Topic-level visibility sits front and center in our tool, and that’s how we report on GEO visibility to our clients.

Mirascope Topic Visibility on Traqer for 65 Prompts

This page is what marketing teams can share directly with executives or clients. At a glance, everyone sees visibility by topic and can quickly understand where their brand is performing well and where it isn’t.

In the Mirascope example above, it’s immediately clear that they perform well for “prompt engineering tools” but have work to do for “context engineering platform.” No one has to dig through reports or click elsewhere to find this information. 

Yes, Traqer also includes brand-level metrics at the top. But instead of collapsing everything into a single percentage, those metrics show the total number of topics where visibility is low, medium, or high. This distinction matters. Adding new topics doesn’t artificially reduce performance elsewhere. 

This approach does two important things:

  • It aligns incentives correctly.
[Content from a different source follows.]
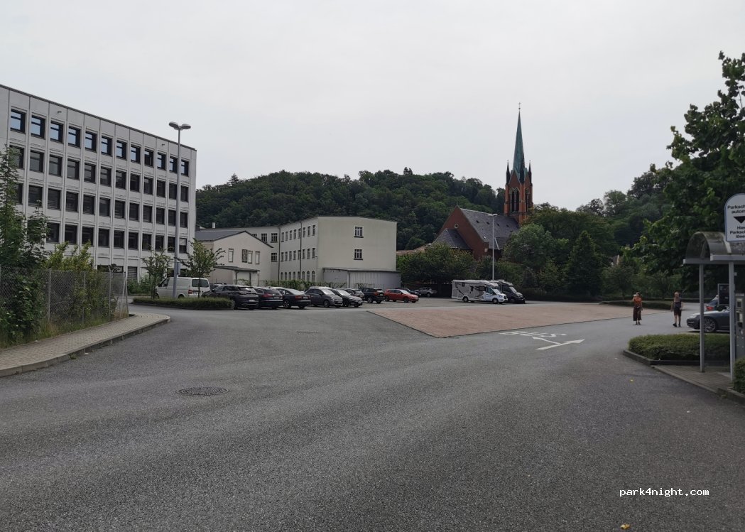 Flat, asphalted parking lot near the Meissen porcelain factory. Quiet location.
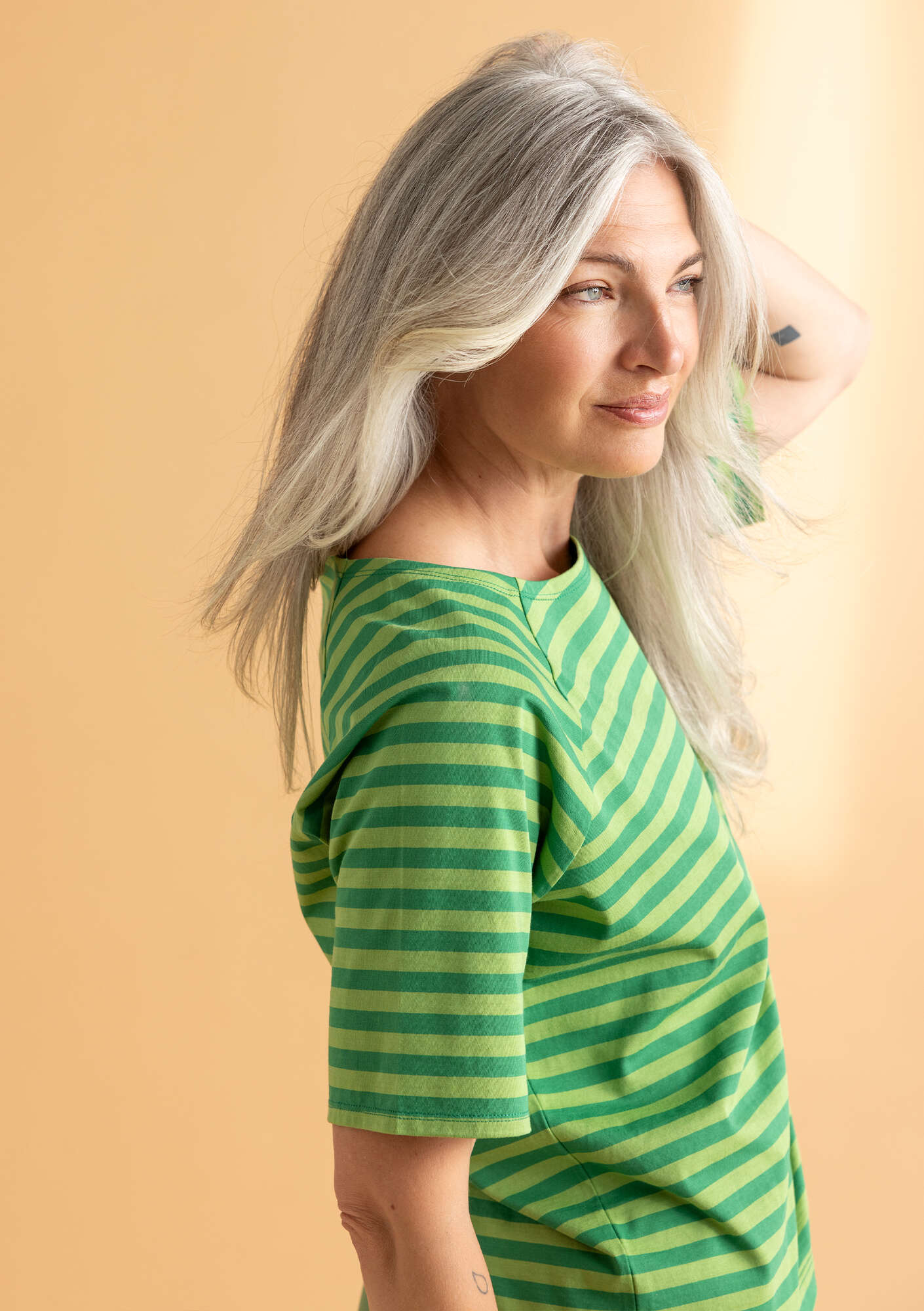 • A cropped top with an airy fit. Featuring a gentle boat neck and longline raglan sleeves. The top has a relaxed silhouette and strikingly positioned stripes.

You can add 10, 50, or 100 new topics or prompts without hurting your overall score.
  • It keeps teams focused on what’s actionable: which topics already have strong visibility and which ones need work.

The Right Way to Think About GEO Visibility

Regardless of whether you use Traqer, another tool, or track visibility manually in a spreadsheet, our recommendation is to think about GEO visibility at the topic level. That’s the proper way to approach GEO strategy.
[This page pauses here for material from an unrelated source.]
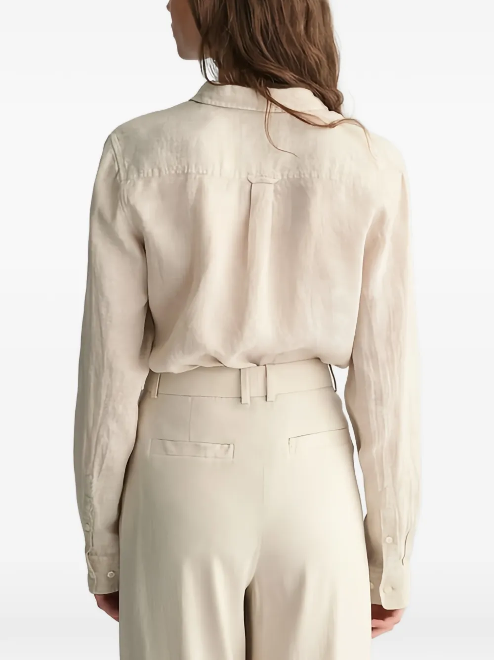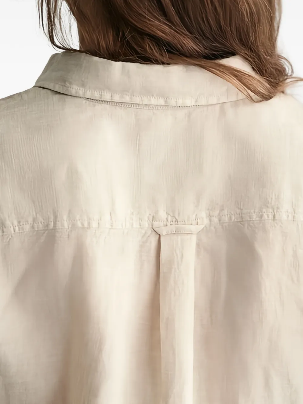 Бежевый цвет, застежка на пуговицы, длинные рукава, отложной воротник, застежка спереди на пуговицы, кокетка на спине

Overall brand visibility percentages are, in our opinion, a lazy way to assess GEO performance. They hide the details that should (1) guide your strategy and (2) show your team whether GEO efforts are actually working.

When you track topic-level visibility, you can:

  • Identify which topics need immediate attention
  • Allocate content creation resources to the right areas
  • Measure progress on specific topics and initiatives
  • Avoid false signals from percentage fluctuations
  • Make data-driven decisions about where to focus your GEO efforts

It’s the difference between knowing you have “32% visibility” and knowing you dominate prompt engineering conversations but need work on context engineering topics.

One tells you nothing. The other tells you exactly where to focus next.